* WHAT NEEDS TO BE DONE: Provide a verbatim copy of all the records below, leaving the images out.

(Dataset records)
....

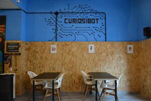 Antiguo taller de los años 60 que se ha transformado en un espacio gastronómico. Disponen de grandes pantallas que pueden servir para presentaciones.
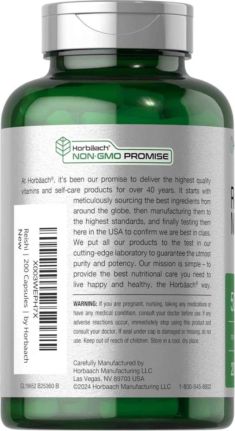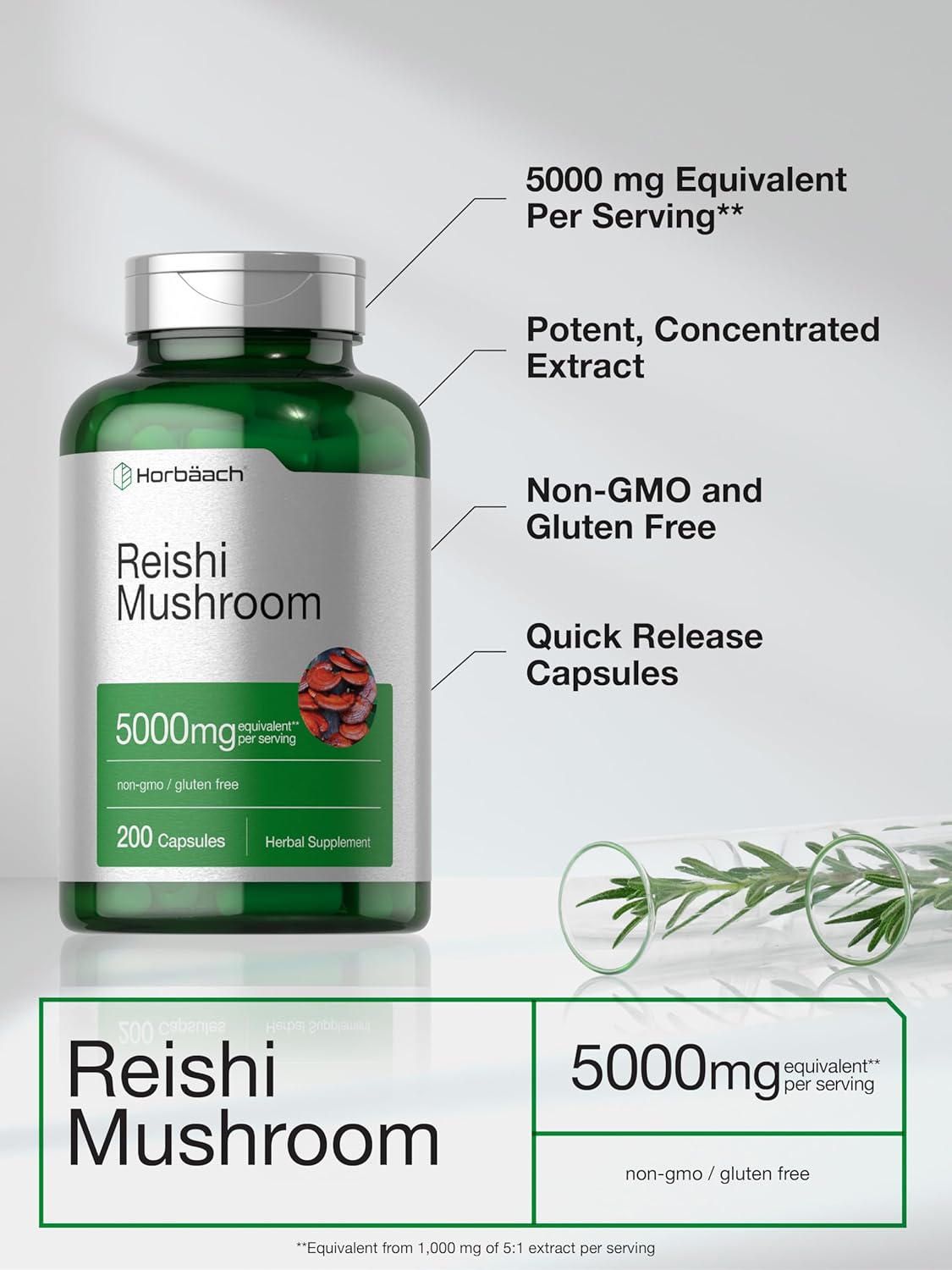 Horbäach Reishi Mushroom Capsules | 5000Mg | 200 Count | Non-Gmo And Gluten Free Extract Supplement
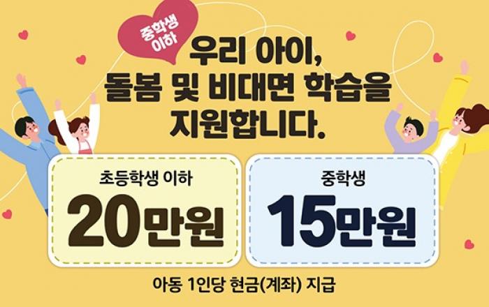 정부는 지난 22일 국회에서 의결된 ‘아동 특별돌봄·비대면 학습 지원’ 사업을 본격 추진한다고 24일 밝혔다.이번 사업은 코로나19로 가중된 부모의 돌봄 부담 경감을 위해 미취학·초등학생 아동 1인당 20만원을 지원하는 ‘아동 특별돌봄 지원’ 사업과 의무교육인 중학교
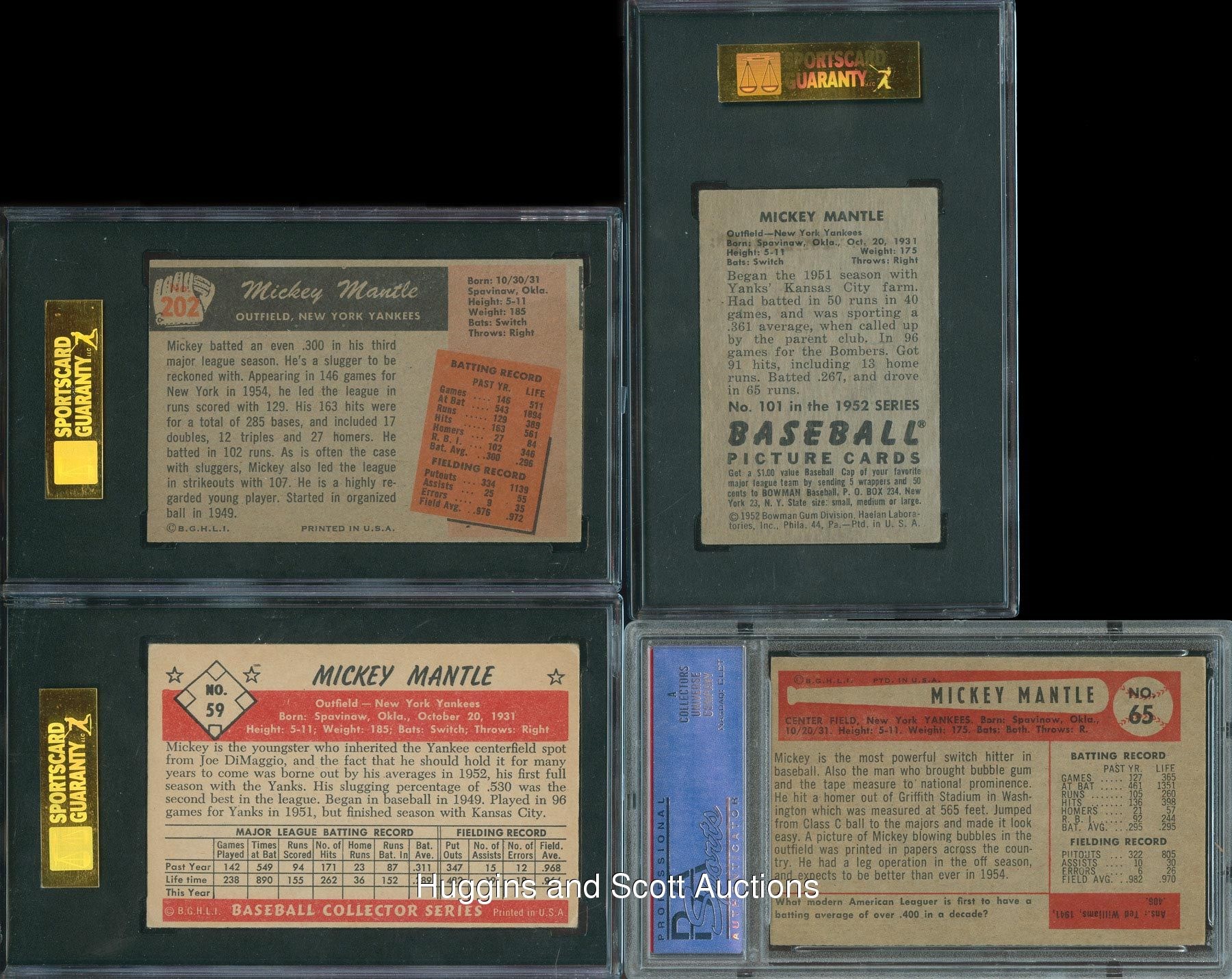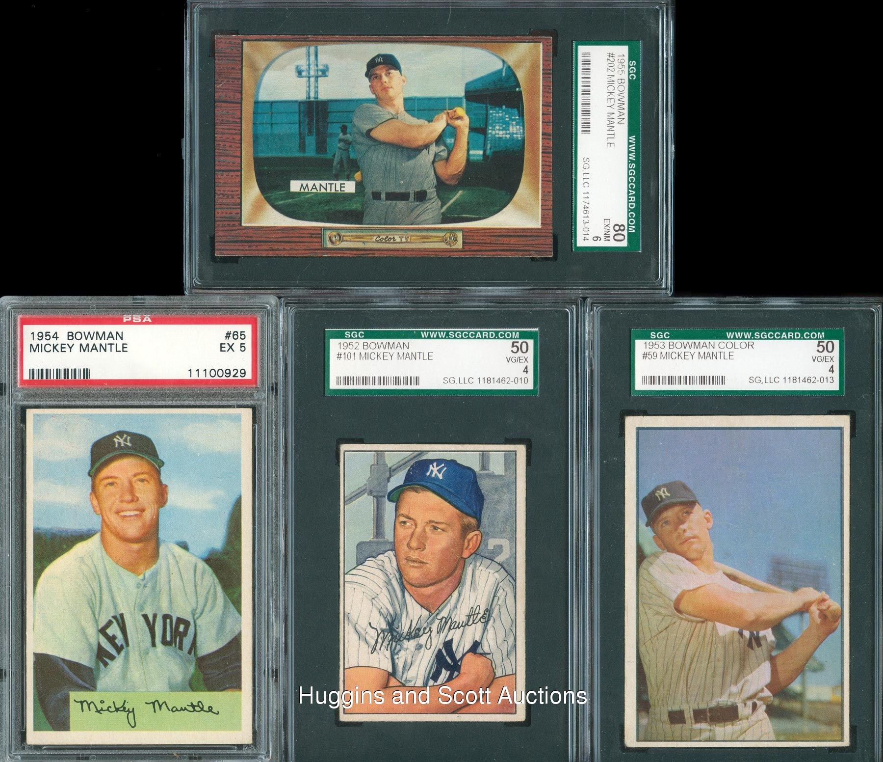 Round the bases with Mickey Mantle on this run of (4) 1952-1955 Bowman Baseball graded cards. Included are 1.) 1952 Bowman #101 (SGC 50); 2.) 1953 Bowman Color #59 (SGC 50); 3.) 1954 Bowman #65 (PSA 5) and 4.) 1955 Bowman #202 (SGC 80).
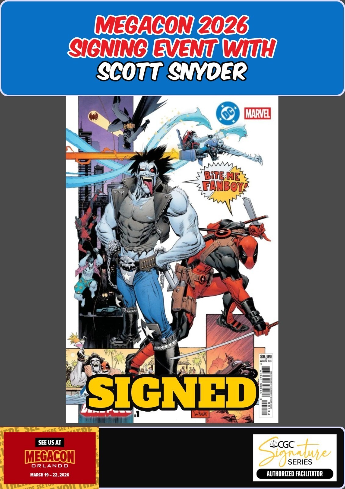 BATMAN DEADPOOL #1 SEAN MURPHY MEGACON 2026 SCOTT SNYDER SIGNED W/COA PRESALE NM

....

* SOLUTION TO THE PROBLEM:
 Antiguo taller de los años 60 que se ha transformado en un espacio gastronómico. Disponen de grandes pantallas que pueden servir para presentaciones.
 Horbäach Reishi Mushroom Capsules | 5000Mg | 200 Count | Non-Gmo And Gluten Free Extract Supplement
 정부는 지난 22일 국회에서 의결된 ‘아동 특별돌봄·비대면 학습 지원’ 사업을 본격 추진한다고 24일 밝혔다.이번 사업은 코로나19로 가중된 부모의 돌봄 부담 경감을 위해 미취학·초등학생 아동 1인당 20만원을 지원하는 ‘아동 특별돌봄 지원’ 사업과 의무교육인 중학교
 Round the bases with Mickey Mantle on this run of (4) 1952-1955 Bowman Baseball graded cards. Included are 1.) 1952 Bowman #101 (SGC 50); 2.) 1953 Bowman Color #59 (SGC 50); 3.) 1954 Bowman #65 (PSA 5) and 4.) 1955 Bowman #202 (SGC 80).
 BATMAN DEADPOOL #1 SEAN MURPHY MEGACON 2026 SCOTT SNYDER SIGNED W/COA PRESALE NM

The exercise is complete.